Portrait de la soeur de l'artiste / W. Hammershoï / SMK / Copenhague
Elle paraît de prime abord un peu étrange. Elle est très pâle et peu souriante. Vraiment pas engageante. On s'adresse à elle et c'est comme si ce qu'on lui dit mettait un temps infini à lui parvenir. On a l'impression qu'on la dérange. Ses mots sont des monosyllabes qui se font attendre. Ce n'est que vers la fin, quand elle plie avec soin notre chemise, qu'elle se tourne vers notre chien et dit que le sien lui ressemble... sauf que son chien a un flanc blessé. Il a été gravement brûlé. Une conversation s'engage. Elle a le regard vague, tâtonnant mais elle répond à nos questions. Son chien se trouve... au Mozambique. Un pays où elle est née et qu'elle a quitté enfant. Elle ne peut plus y retourner. Sa dernière visite date d'il y a huit ans.
Depuis... il y a eu la guerre - à vrai dire : des guerres interminables - les troupes Wagner, des désordres politiques et des ouragans. Dernièrement : le cyclone Chido et ses vents violents. Elle parle de leur grande maison au bord de la plage comme si elle l'avait quittée hier. Elle dit nous, mais quand elle mentionne son père, c'est toujours à l'imparfait. Elle reparle du chaos là-bas, les paysans, le puits d'eau potable détruit par l'ouragan, la misère, la guerre civile, les djihadistes, les intérêts énergétiques. Et à nouveau, son père, conjugué au passé, un Suédois parti en Afrique pour aider les gens à irriguer.

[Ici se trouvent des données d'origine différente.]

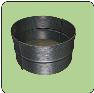
Code Prefix: 7166 Poly Connector Insulated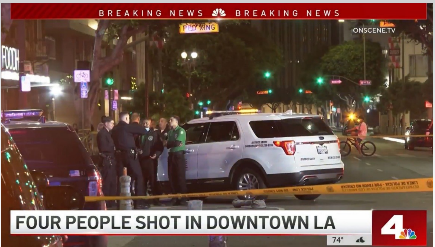
The incident from July 21st made front page headlines throughout the city.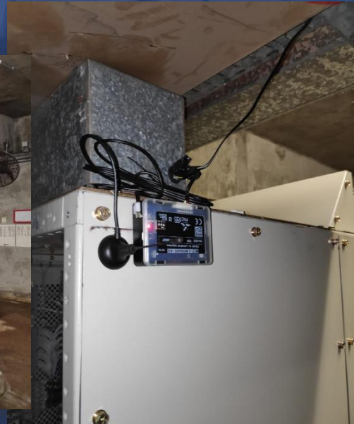
LoRA RS485 Device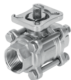
2-way ball valve VZBE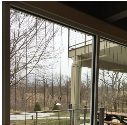
Acopian Bird Savers—Inside View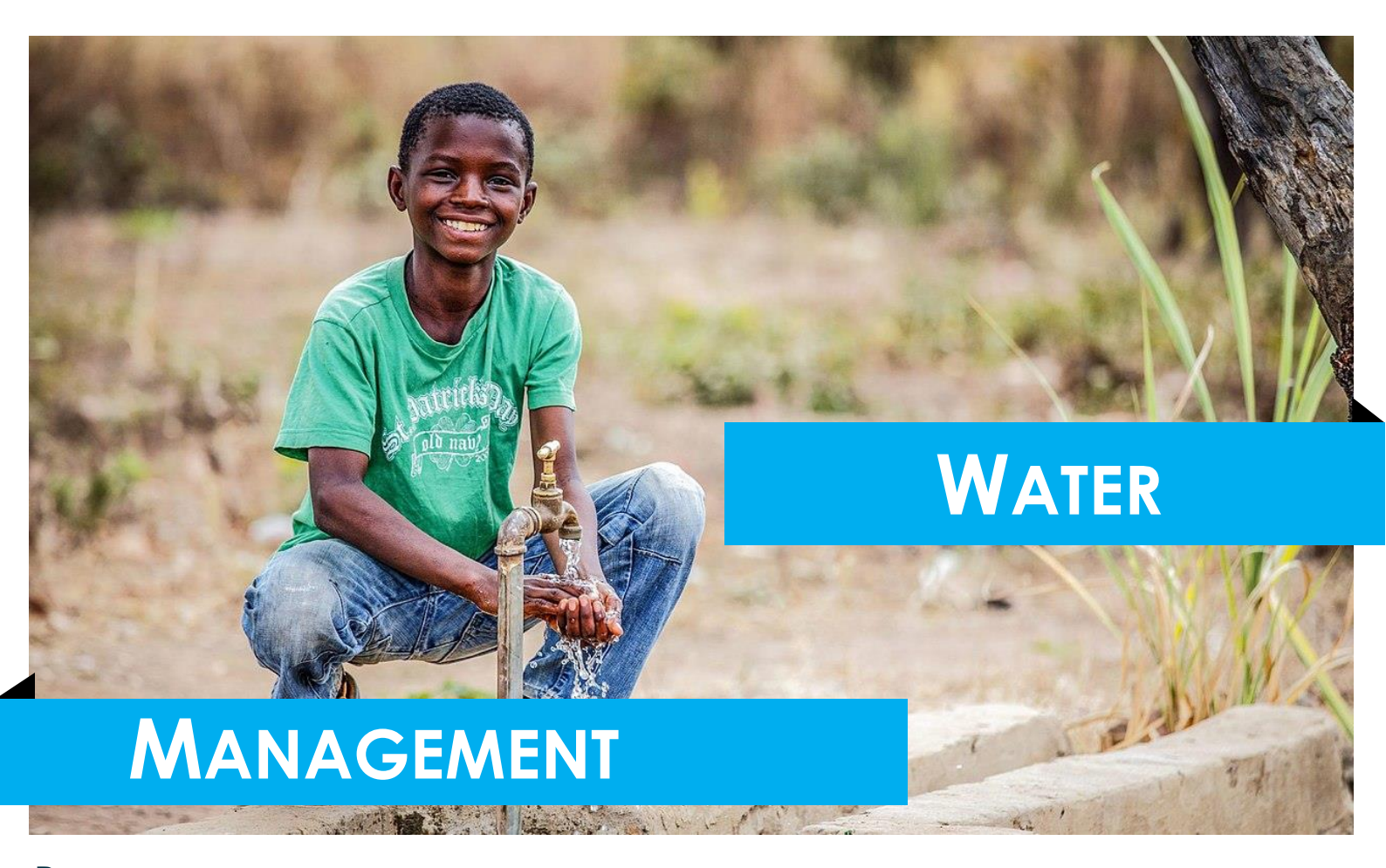
Providing refugees and local communities access to clean water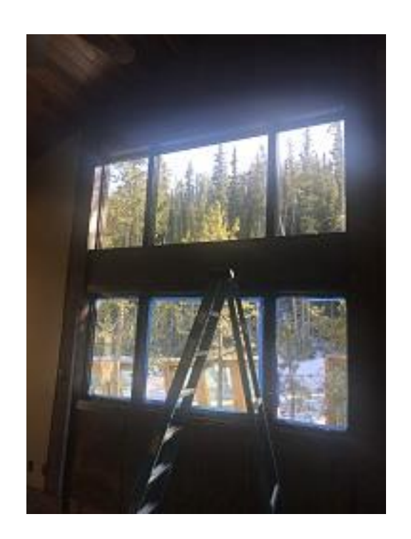
Building E3 Unit 27 Living Room Trim Installed and Finished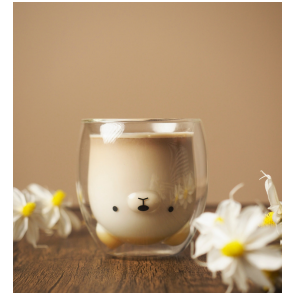
Hot White Coffee $ 6.5

On comprend alors sa peau blanche, ses yeux hagards, perdus entre deux univers, et son comportement devient soudain tellement évident, reflet de ce monde laissé là-bas et pourtant si présent. Comment vivre entre ici et là-bas, sans tangages ? Avant de s'en aller, on lui demande ce qu'on peut lui souhaiter pour cette année qui commence : la paix. Elle répète la paix. On la rejoint dans ce souhait (mon dieu, qu'est-ce qu'on donnerait pour que le monde s'arrange, au moins un peu, au moins pour l'eau, la nourriture et un toit). On gagne la sortie et on ne voudrait pas la laisser là. On se retourne, mais son regard est déjà reparti ailleurs. Dans un lointain univers que les gens d'ici ne comprennent pas.